------ RECORDED DATA ------
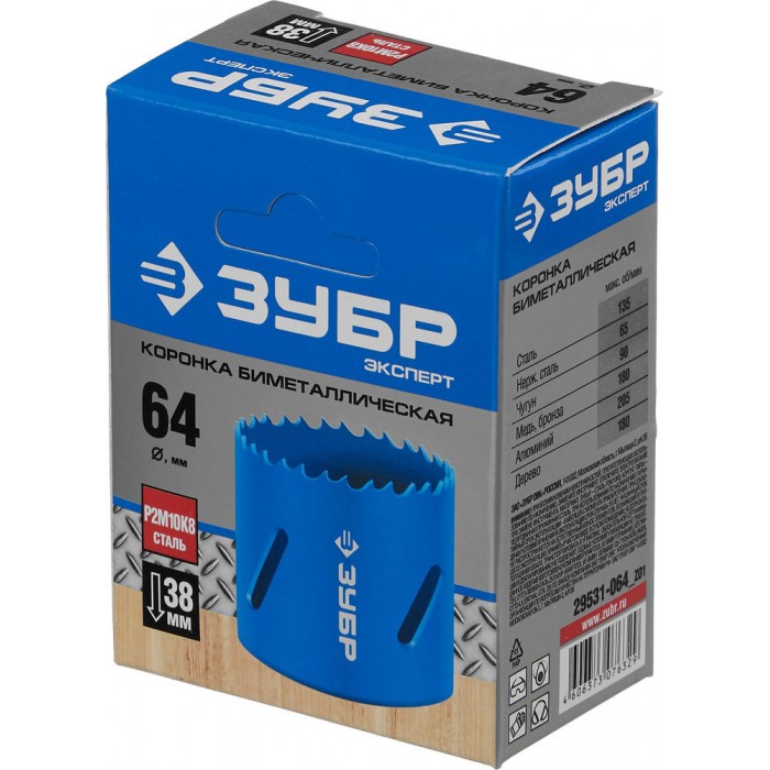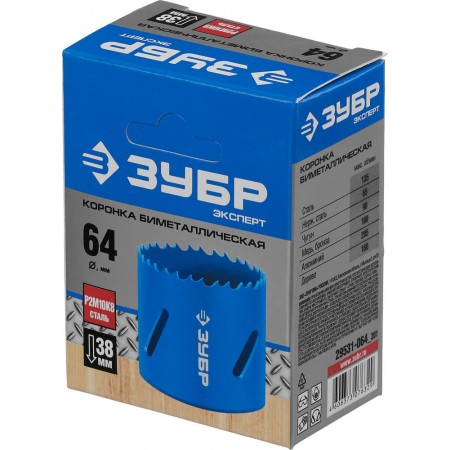 Коронка биметаллическая 64 мм, сталь Р6М5 ЗУБР 29531-064_z01
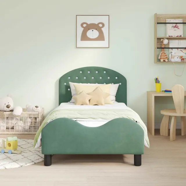 vidaXL Otroški posteljni okvir z vznožjem Morsko zelena 80 x 160 cm
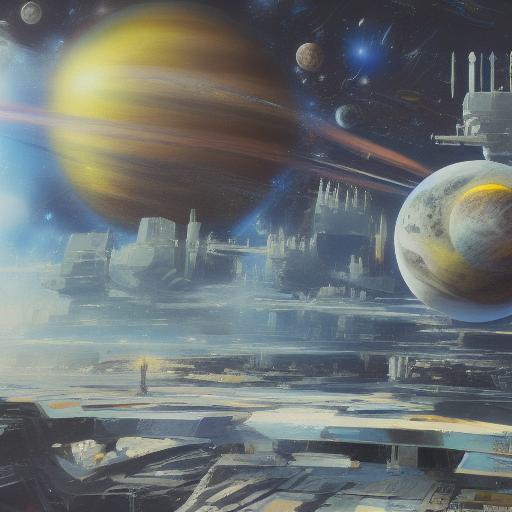 A painting of with planets in the space in the background
------
* [WORK INSTRUCTION]: Reproduce the data in full. Do not carry over any picture.

* [EXERCISE RESULT]:
 Коронка биметаллическая 64 мм, сталь Р6М5 ЗУБР 29531-064_z01
 vidaXL Otroški posteljni okvir z vznožjem Morsko zelena 80 x 160 cm
 A painting of with planets in the space in the background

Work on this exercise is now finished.